I want to vectorize the following MATLAB code. I think it must be simple but I'm finding it confusing nevertheless.
r = some constant less than m or n
[m,n] = size(C);
S = zeros(m-r,n-r);
for i=1:m-r+1
for j=1:n-r+1
S(i,j) = sum(diag(C(i:i+r-1,j:j+r-1)));
end
end
The code calculates a table of scores, S, for a dynamic programming algorithm, from another score table, C.
The diagonal summing is to generate scores for individual pieces of the data used to generate C, for all possible pieces (of size r).
Thanks in advance for any answers!
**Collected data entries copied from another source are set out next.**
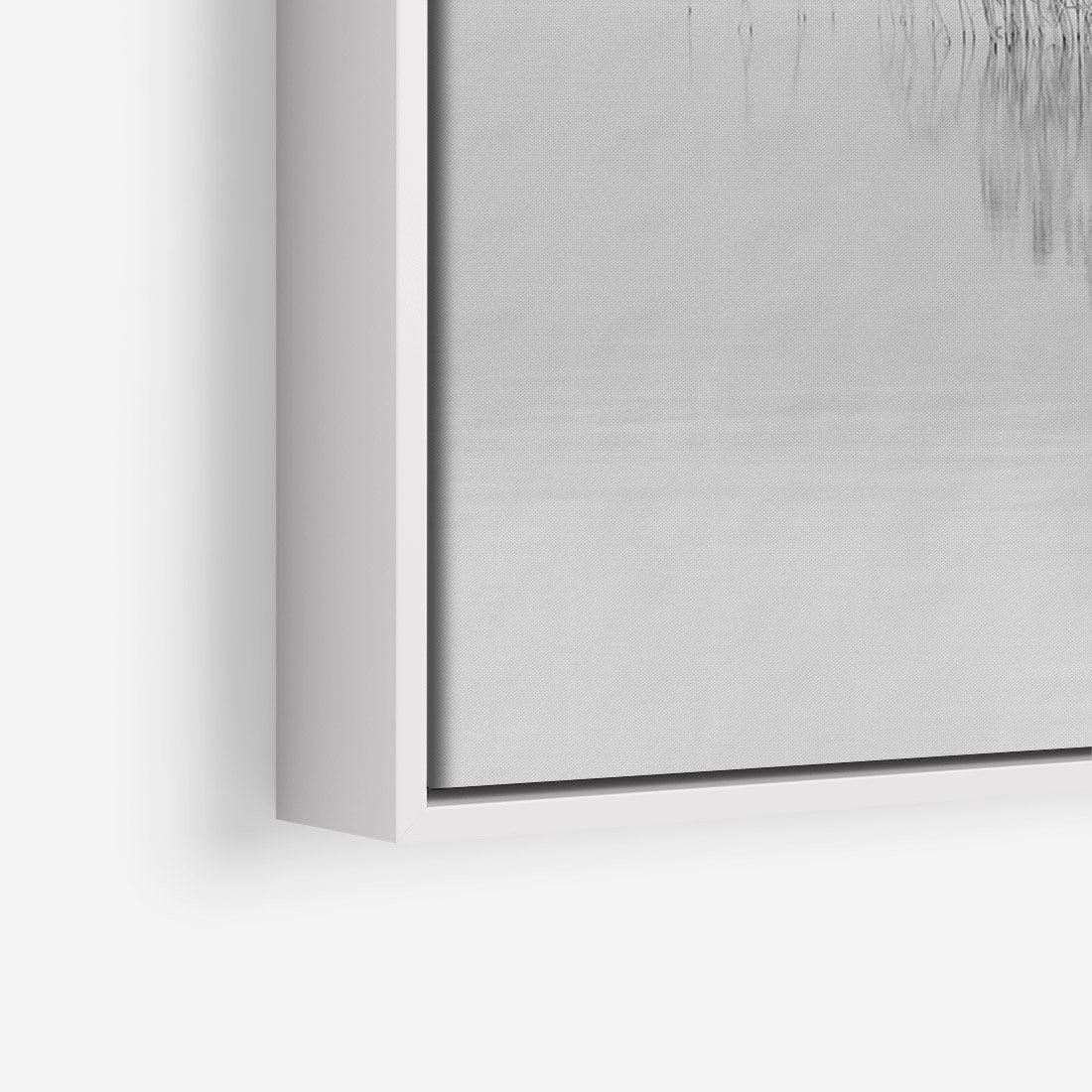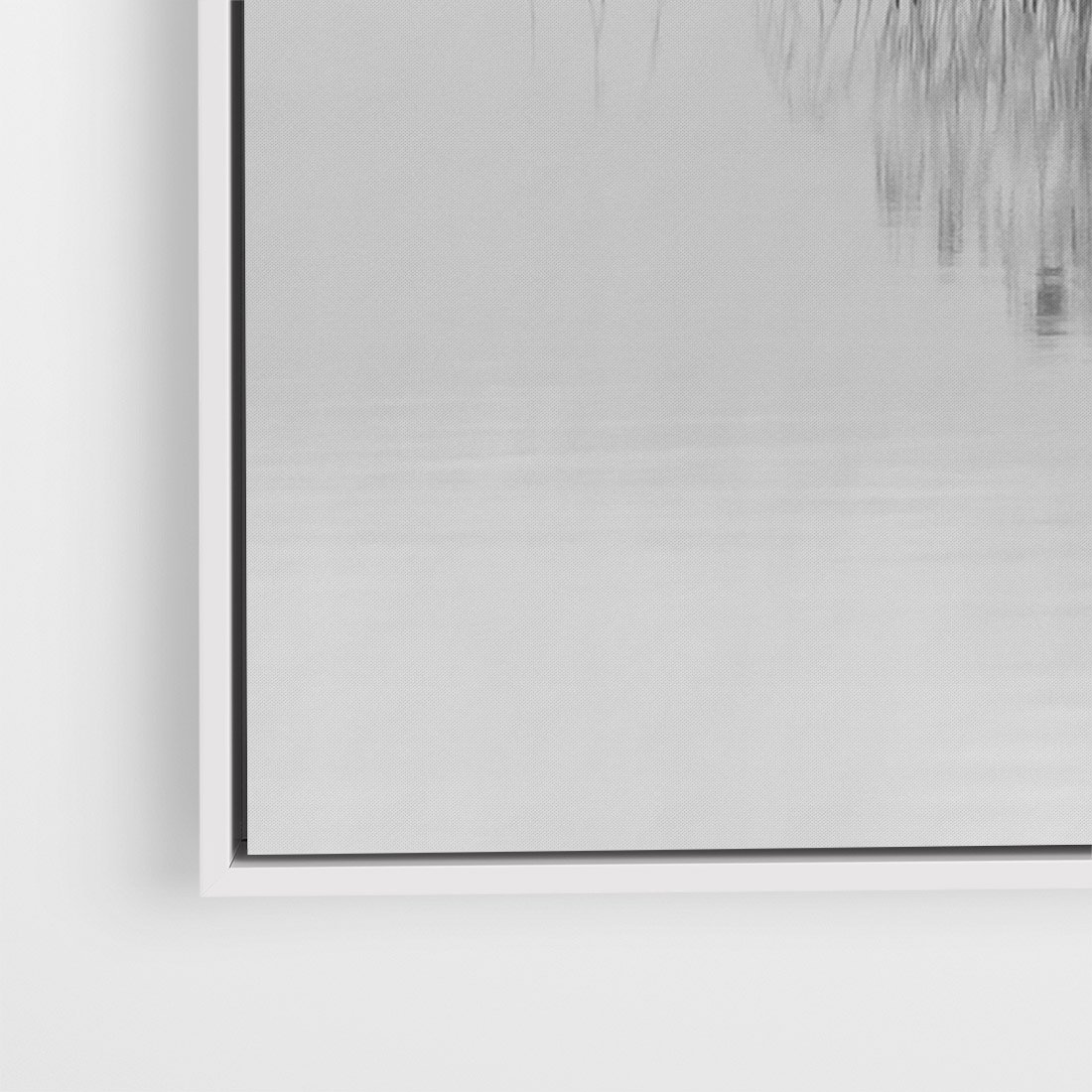 Obraz w ramie 80x120 - Mglisty Brzeg Jeziora - czarno białe zdjęcie, zamglone jezioro - rama biała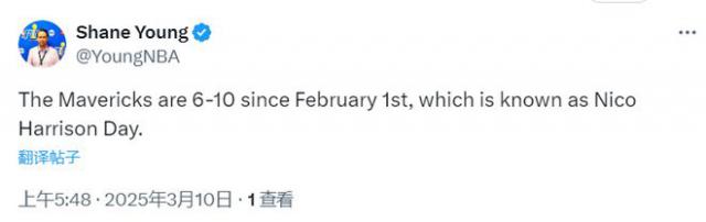 名记 Shane Young 别忘了打开对哈里森的讽刺。他写道:“自打 2 月 1 到目前为止(当地时间),独行侠的记录是 6 胜 10 负面,而那一天是众所周知的“哈里森日”。 Young 提到哈里森日,就是东契奇独行侠交易的日子。他的魔咒还在继续。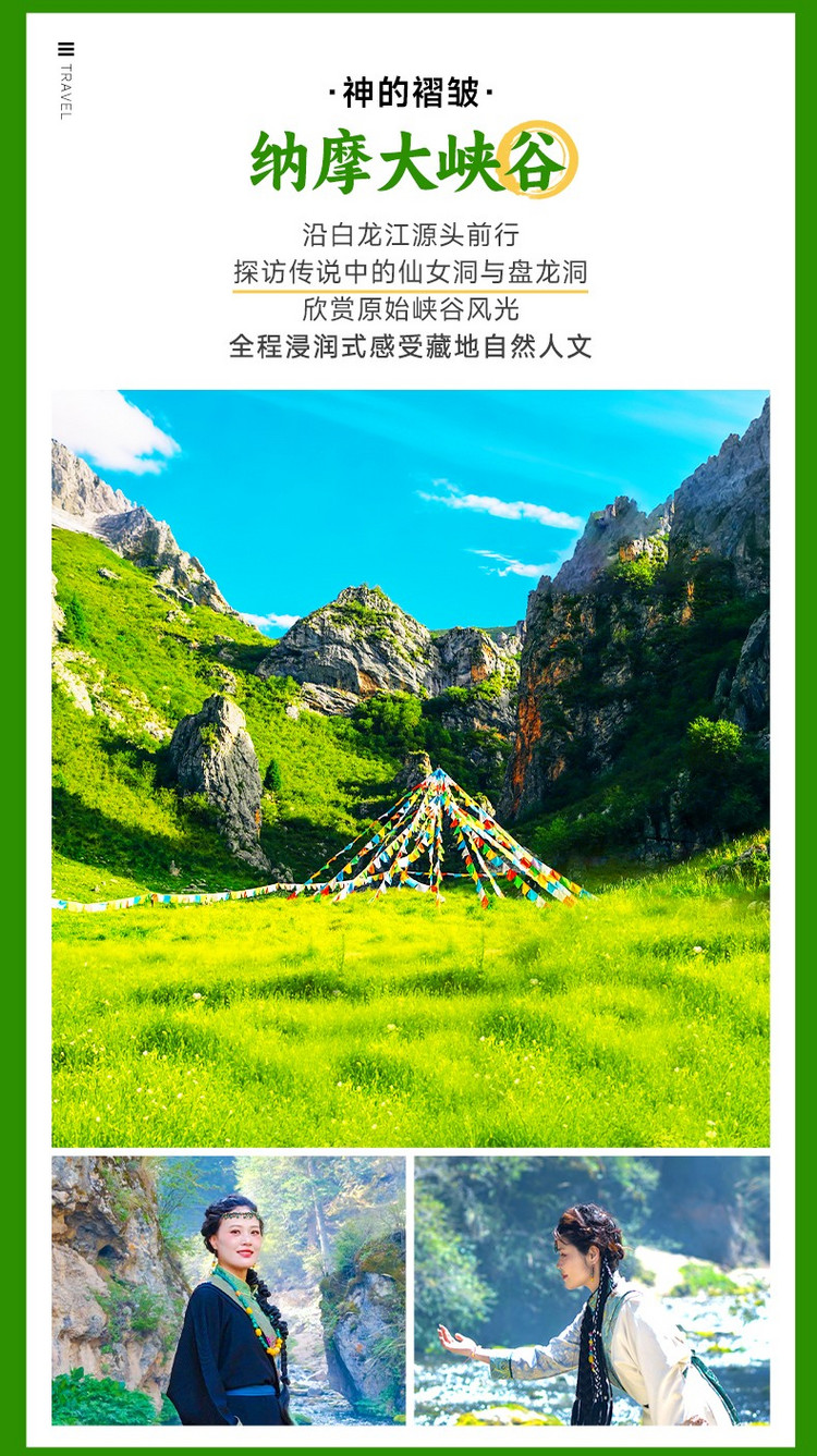 随后前往【纳摩大峡谷】(游玩2小时),峡谷入口处便是清澈的白龙江源头,河水滋养着两岸的生灵。峡谷内植被茂密,古木参天,溪流潺潺,空气湿润凉爽,沿途可见经幡飘扬、玛尼堆矗立,沿着峡谷内的步道前行,感受大自然的静谧与神奇。
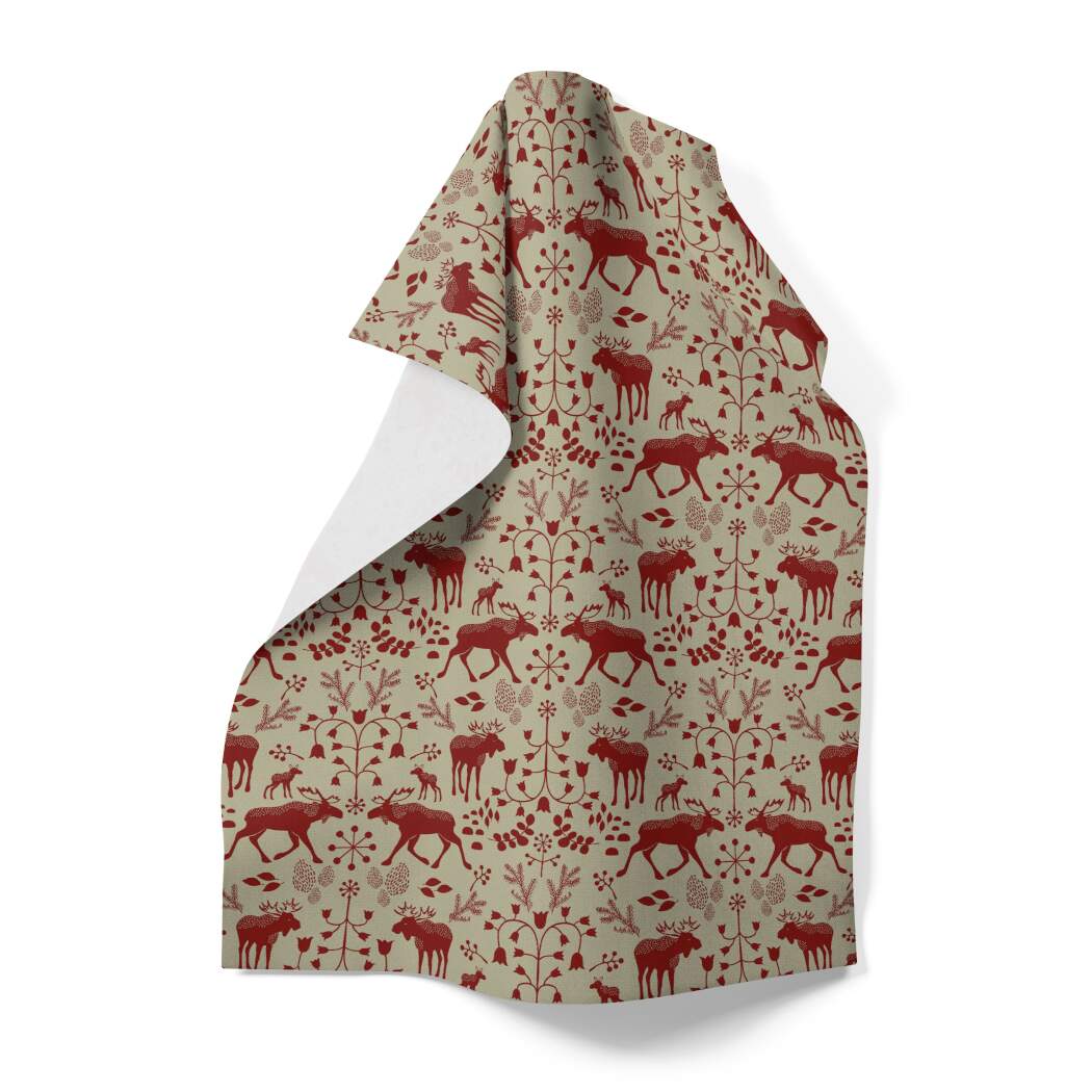 Kökshandduk SKOGENS KONUNG (Culla) med älgar i rött på linnefärgad botten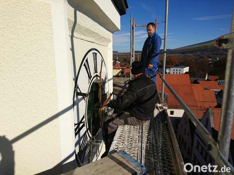 Über den Köpfen der Weidener installierten die Arbeiter der Regensburger Traditionsfirma Turmuhren Rauscher nun die erneuerten Ziffernblätter und Zeiger der Turmuhr am Alten Rathaus."Die Zeiger und die Wellen der 1965 letzmalig überarbeiteten Turmuhr waren derart verostet, dass eine Überarbeitung nicht mehr genügte", erklärt das Baudezernat. Bei weiterem Betrieb der Uhr hätte gar die Gefahr bestanden, dass die Zeiger abfallen. Und so entschied sich die Hochbauabteilung der Stadt, im Zuge der Dach- und Fassadensanierung des Alten Rathauses auch die Zifferblätter der Turmuhr grundlegend zu erneuern. So erhielt die vierseitige Uhr neue Zifferblätter aus Duroplat, eine nichtrostende Edelstahlwelle und obendrein neue mit 24-karätigem Blattgeold verehene Zeiger aus Kupfer mit einer Unterkonstruktion aus Edelstahl in gotischer Kreuzform. Kostenpunkt inklsuvie Elektrik: rund 10000 Euro, teilt die Stadt auf Nachfrage mit.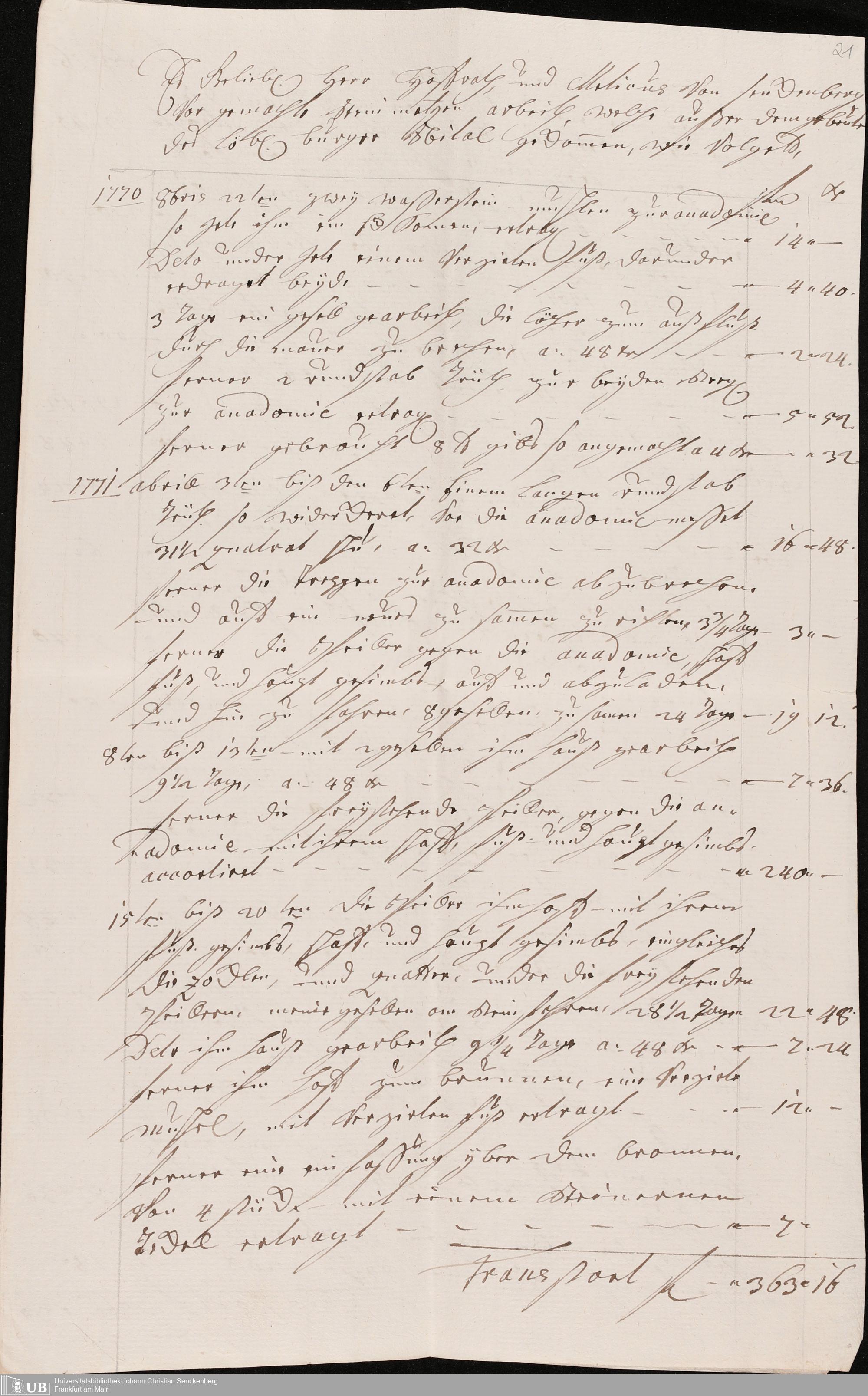 Na 31 Nachlass Johann Christian Senckenberg, 345 - Notizen Senckenbergs zu Verhandlungen sowie Rechnungen und Quittungen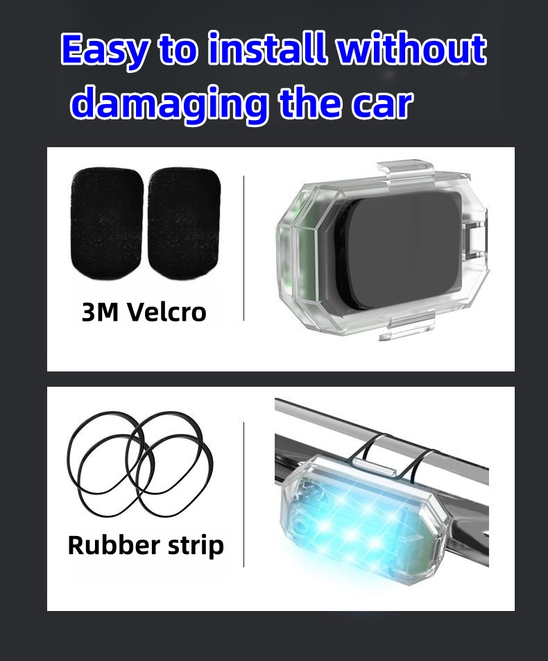 This flashing light has high brightness and can be adjusted in various colors to make your car unique. At the same time, when you drive at night, it can warn the front and rear vehicles to ensure a safe distance.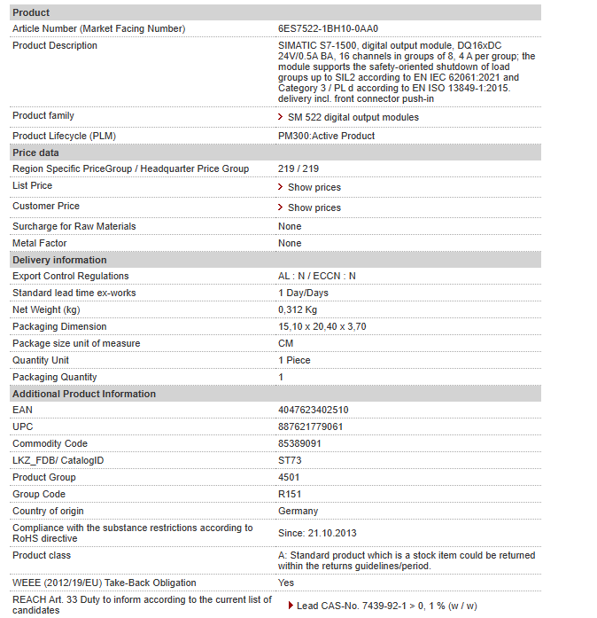 SIMATIC S7-1500, digital output module, DQ16xDC 24V/0.5A BA, 16 channels in groups of 8, 4 A per group; the module supports the safety-oriented shutdown of load groups up to SIL2 according to EN IE……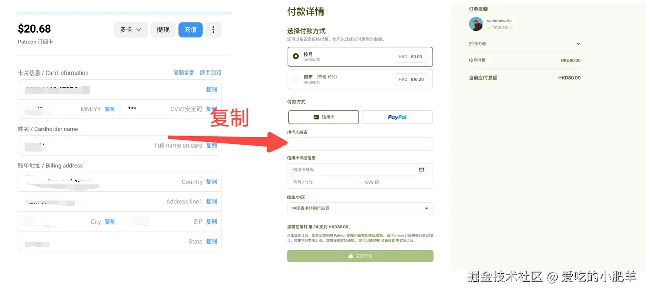 整体的开卡流程还是很简单。卡片开通后就直接到了最后一步,订阅Patreon上的博主,把卡片上的信息填写到订阅页面就可以。 就像下面这样——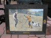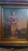 color print or painting.frame has raised carvings or plaster objects on frame,hunting vest,gun,game pouchbronze caption plate,CONCILIATOR,and a.b.frost

Sorry if this one should be obvious...
Note
The built-in conv2 turned out to be faster than convnfft, because my eye(r) is quite small ( 5 <= r <= 20 ). convnfft.m states that r should be > 20 for any benefit to manifest.
If I understand correctly, you're trying to calculate the diagonal sum of every subarray of C, where you have removed the last row and column of C (if you should not remove the row/col, you need to loop to m-r+1, and you need to pass the entire array C to the function in my solution below).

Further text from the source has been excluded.